Nella prima immagine siamo in Congo. Giovani africani si infilano ogni giorno in un cunicolo sotterraneo dove si respira a fatica, la temperatura è altissima e si sta con l’acqua fino alle ginocchia. Armati di martello e scalpello cercano nella roccia delle pietruzze di COLTAN. Lavorano 10 ore al giorno tutti i giorni, non per guadagnare ma per sopravvivere. Quando sono fortunati guadagnano 50 euro al mese.

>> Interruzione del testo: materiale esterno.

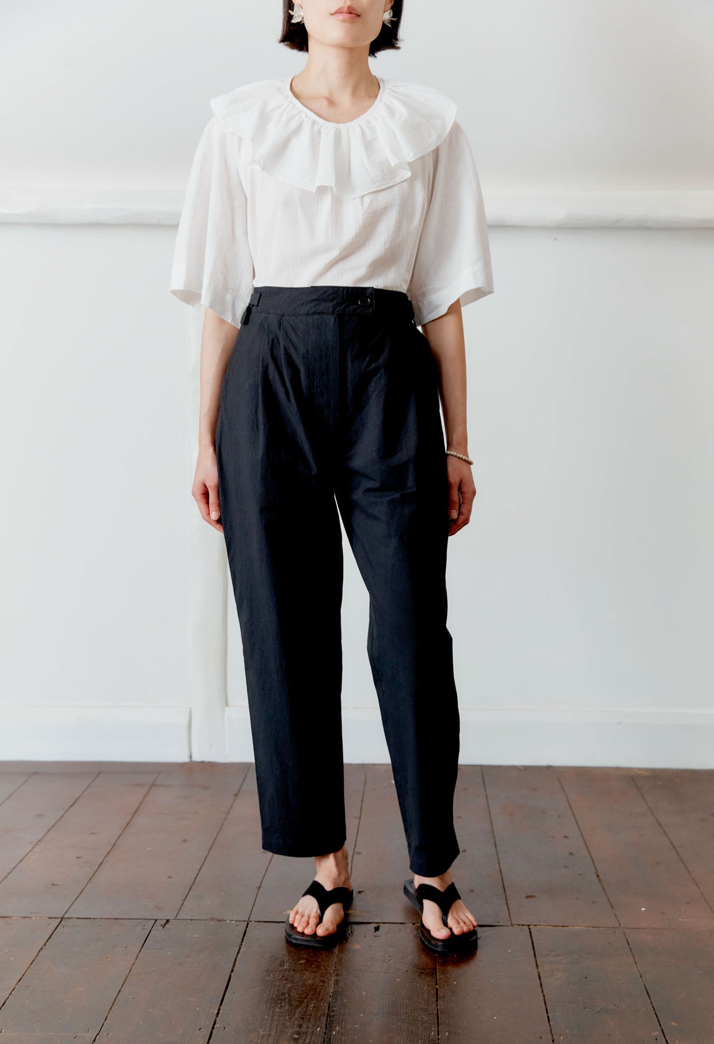 NEW FOR SPRING SUMMER, THE ENYA TROUSERS ARE A RELAXED TAILORED TROUSER FEATURING SOFT PLEATING AT THE FRONT AND BACK WAISTBAND DARTS, PROMISING ROOM TO MOVE FREELY. DESIGNED WITH SIDE SEAM POCKETS, AND ONE BACK JET POCKET. FINISHED WITH ADJUSTABLE WAISTBAND SLIDERS TO CINCH IN THE WAIST IF DESIRED. THESE ARE THE PERFECT TRANS-SEASONAL STAPLE WITH ELEVATED EASE.

File:SRSG visits coltan mine in Rubaya (13406579753).jpg - Wikimedia Commons
Miniere di Coltan in Congo

Davvero poche persone sanno cos’è il coltan, eppure tutti oggi ne fanno un uso enorme. Il Coltan è un metallo raro presente in ogni smartphone, in ogni tablet, in ogni computer, in ogni apparecchio elettronico. Senza il Coltan non esisterebbe alcuna “era digitale”, nessuna “smart city”, nessuna transizione “verde”.

Questo materiale così prezioso, così indispensabile per la nostra epoca, è un metallo raro. Nel Congo è concentrata circa l’80% dell’esistenza di Coltan dell’intero pianeta.
Il processo di estrazione del materiale grezzo è fatto con metodi medioevali, sfruttando esseri umani come bestie da soma. Il processo di raffinazione invece consiste nel trattare il metallo raro con agenti chimici altamente tossici ed inquinanti.
Le fabbriche dove viene trattato e trasformato il Coltan per produrre i componenti elettronici producono scorie che inquinano terre e fiumi, fino a comprometterne la vegetazione e addirittura la presenza umana.
Il Coltan trasformato viene poi assemblato da aziende cinesi che producono materiali e componenti elettronici. Così nascono gli iphone, gli smartphone della samsung, huawei, xiaomi. Su questi apparecchi made in China le big tech fanno girare i loro software: google, facebook, amazon, whatsapp, instagram e così via.

Utilizziamo cellulari e computer per ore e ore, tutti i giorni dell’anno. Senza sosta. Esattamente come senza sosta lavorano i ragazzini congolesi per estrarre il Coltan.

File:Electronic waste at Agbogbloshie, Ghana.jpg - Wikimedia Commons
Rifiuti elettronici nella discarica di Agbogbloshie
Nella seconda foto invece siamo in Ghana, nella discarica di rifiuti elettronici di Agbogbloshie. Ce ne sono tantissimi di discariche di “e-waste” in Africa, ma quella di Agbogbloshie è la più grande del mondo. Qui finisce il ciclo vitale del Coltan: estratto in Africa, trasformato in Cina, consumato in occidente fino ad essere rispedito in Africa sotto forma di rifiuto non smaltibile.
Il disastro ambientale e i processi di sfruttamento che si nascondono dietro all’era digitale, rappresentano il lato oscuro della tanto decantata “transizione verde”. Quella che servirebbe a salvare il mondo dai cambiamenti climatici. Quella su cui stanno puntando tantissimo gli USA di Biden e l’Europa della Merkel. Via il petrolio che inquina! Spazio alle energie verdi!
Pannelli solari, pale eoliche, batterie per mezzi meccanici, reti elettriche intelligenti e tutti i computer e i relativi software della cosidetta “green economy”, sono parti di un edificio che ha le fondamenta piene di sangue.
No, non sentieremo mai parlare Greta e i gretini di questi vergognosi scandali, del lato oscuro della transizione verde che piace ai potenti. E so bene che questo post è pubblicato e pubblicabile solo grazie agli strumenti e al paradigma che ho provato a descrivere. Ma credo sia giusto che la nostra civiltà, sempre più tesa ad erigere “totem” da idolatrare, prenda coscienza di cosa è diventato il mondo.
Quando sentite parlare di Green Economy e di energia “pulita”, ricordatevi dei bambini del Congo.